Mila reste discrète quand on lui pose des questions sur sa vie privée. Elle préfère davantage parler de ses enfants et partager des instants plutôt que de s’attarder sur les mots. « Cela ne m’a jamais intéressée qu’on s’intéresse à moi », se plaît à esquiver la jeune femme riant. Sa fille et son fils sont autistes comme elle. C’est d’ailleurs au moment du diagnostic de sa fille de quatre ans que Mila a appris qu’elle elle-même était autiste.

Pieds nus à l’école

Quand personne ne lui parle la jeune fille ne se préoccupe pas de ce qui l’entoure. Elle joue par terre et chantonne. Mais lorsqu’une personne interagit avec elle, quelle bavarde ! Il suffit de réagir à ce qu’elle dit pour qu’elle enchaîne les répliques. « Pour ne pas qu’elle reste dans son coin, il faut lui parler dès qu’elle dit quelque chose », explique Mila. La discussion n’est alors qu’un jeu d’improvisation permanent, passant du ciel aux montgolfières, aux dangers de sortir ses doigts de la voiture pour en finir aux loups qui mangent les mains. Le mari de Mila, qui travaillait dans l’agriculture biologique, n’est pas autiste mais se prête parfaitement au jeu. Et les rires envahissent le cocon familial.

Mila se dit heureuse de pouvoir faire grandir sa fille dans une crèche de l’association « Ma petite ferme » près de Rabat, au contact de la nature et des animaux. Entre les enfants autistes et non-autistes qu’accueillent l’établissement, pas de différence : tous courent pieds et mains nus, depuis que la fille de Mila a lancé la mode. Mila est bénévole dans cette ferme éducative. Elle fait valoir son expérience de mère autiste d’une enfant autiste auprès des autres éducatrices de l’établissement en les aidant à rentrer dans le jeu des enfants autistes, quatre sur les 20 petits écoliers.  

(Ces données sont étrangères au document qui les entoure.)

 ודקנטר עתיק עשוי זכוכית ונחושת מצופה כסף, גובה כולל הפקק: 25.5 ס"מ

Grâce à cette méthode d’éducation, la fille de Mila qui ne pouvait pas parlait jusqu’à l’âge de deux ans, peut désormais dire à sa mère qu’elle est jolie lorsqu’elle met une robe. « En tant qu’autiste je n’ai pas envie d’être enfermée dans une classe, il n’y a pas mieux que d’élever ses enfants en pleine nature », explique Miala fièrement. Quelques jours après notre rencontre, la petite famille prendra d’ailleurs la route, en voiture, pour un road-trip jusqu’en France. 

À la société de s’adapter à elle

En décidant de ne pas scolariser son adolescent, Mila s’est attirée les foudres de sa famille et de son entourage, mais cela n’a pas l’air de la toucher plus que ça. Pour elle, le plus important n’est pas de les sociabiliser, puisque ce ne sont pas des êtres sociaux. Elle mobilise donc son énergie pour en faire des créateurs, quelle que soit la nature de leur création. « C’est une création qui servira les neurotypiques [les non-autistes, NDLR], c’est donc une forme de sociabilisation à travers un objet », explique-t-elle. Son fils de quatorze ans, lui, n’est pas scolarisé. Il est occupé par un projet de plantes carnivores après être passé par onze écoles différentes en France.

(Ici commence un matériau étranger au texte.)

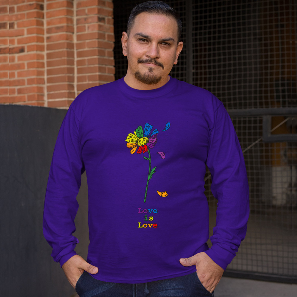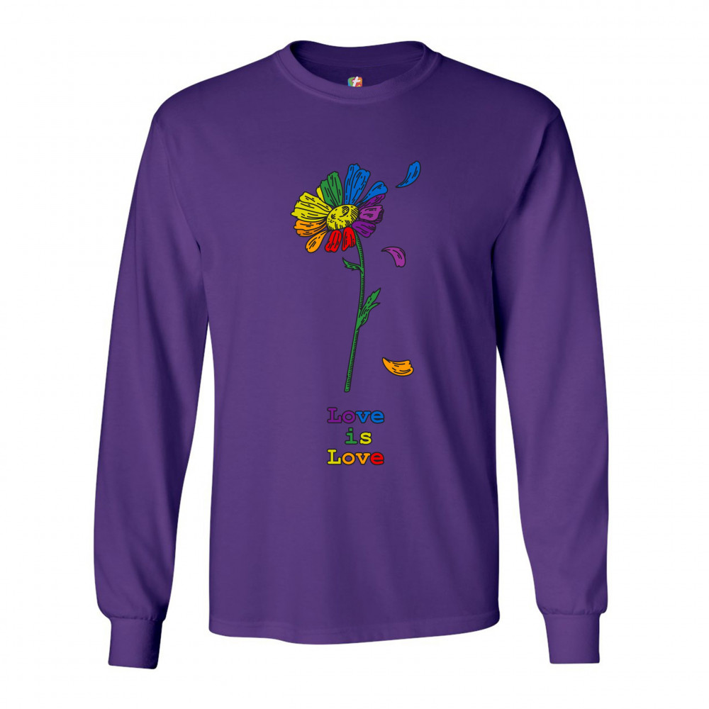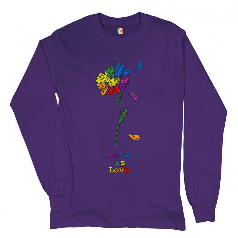 LOVE IS LOVE long sleeve t-shirt rainbow flower lgbt acceptance gay pride purple

Même si la jeune femme ne veut pas porter de jugement, elle s’interroge quant au besoin qu’auraient les autres mères d’enfants autistes d’intégrer  leurs enfants dans des classes. Elle tente de l’expliquer par la notion de « survie sociale« . Avoir un enfant autiste, « c’est la mort sociale pour une mère au Maroc« . Pour elle, ce sont les pressions de la société qui imposent de « dresser » les enfants, de ne pas les laisser gambader et d’adhérer aux codes des personnes qui ne sont pas autistes. Mila conseille aux mères d’enfants autistes de se débarrasser une bonne fois pour toute des « stérétoypes » qu’elles s’imposeraient. L’autisme n’est ni un handicap, ni une maladie, mais simplement une différence, rappelle-t-elle. À la société de comprendre cette différence.